I do hope we’ll get some language support for optional dependencies (possibly via optional submodules) at some point. We had a BoF session about that in Baltimore, with a lot of core devs in the room, something might happen in that direction a some point.

I have two objections to this. The first is generic, that there is a cost to these things: people would assume that implementing the interface implies that something is a subtype, write functions like

function f(x::AbstractDensityType)
    ...
end

and then if x wants to be something else too at the same time (also just to simplify dispatch), this becomes impossible.

The second one is specific to log densities: they are mostly useful when we can query the space they are defined on (scalars, vectors, matrices, but can be arbitrary manifolds), but currently there is no good generic API for this.

In principle, that’s doable, I will consider it:

I do believe there would be many cases where if would be very helpful to be able to dispatch on it.

there is a cost to these things: people would assume that implementing the interface implies that something is a subtype, write functions like […]

Yes, but that’s the point of being able to dispatch on it, right? Same as for Distribution and many other types. While dispatching on traits is possible, it’s a lot more involved. You could make the same argument for pretty much everything else that has an abstract super-type - IMHO the type system approach is one of the things that has made things mesh so well in Julia, so why avoid having a type for densities?

and then if x wants to be something else too at the same time (also just to simplify dispatch), this becomes impossible.

I guess the question is, would a density be a density primarily, and something else secondarily, or the other way round? My assumption was the being a density would be the primary role.

The second one is specific to log densities: they are mostly useful when we can query the space they are defined on (scalars, vectors, matrices, but can be arbitrary manifolds), but currently there is no good generic API for this.

True - but to make such an API, eventually, it could still be very helpful for densities to have an abstract type.

I think I am cautious about exposing abstract types in public APIs, especially where the user may be expected to define new types to represent problems, precisely because I don’t want to make this decision for the user.

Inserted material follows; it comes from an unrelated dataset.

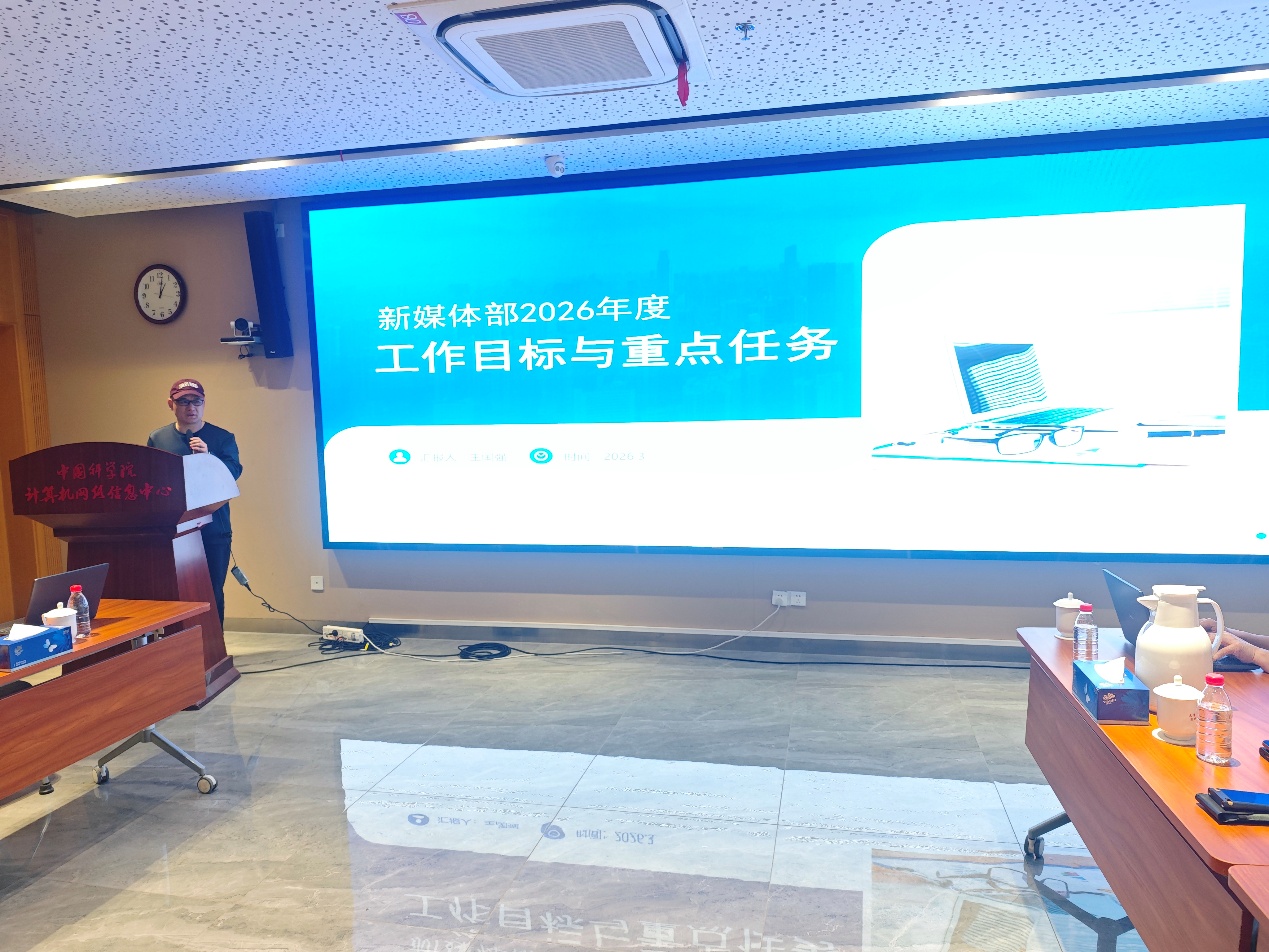 党支部书记王闰强首先系统介绍了新媒体部2026年度重点工作部署。他围绕“3+5”战略目标,结合年度目标与量化指标体系,从重塑中国科学院科学传播体系、提升中国科学院科普品牌影响力、引领国家科技文化传播与科学教育发展、强化人工智能技术研究与应用、加强党建工作五个方面,对全年重点任务进行了全面部署。

You are of course right that traits are a bit more involved, especially if you want to dispatch on them (but note that you don’t need to do this always, eg for the LogDensityProblems API you can just query and check things without dispatching on traits). So I think it is worth it.

The bottom line is that I consider abstract type hierarchies mostly an implementation detail, which is ideally not exposed. This of course may not be the majority opinion among Julia programmers,YMMV.

I don’t know where this belief comes from. AdvancedHMC is a major rewrite and has simply been renamed from the NUTS package Kai worked on in 2016 to AdvancedHMC. According to the GitHub history, DynamicHMC is much younger (2017) and copied codes by Kai, which is legit and we did the same with MCMCChains. But please don’t state misguiding facts. Nobody is helped with that.

Thanks for the information, I was not aware of this NUTS package (in fact, I still could not find it).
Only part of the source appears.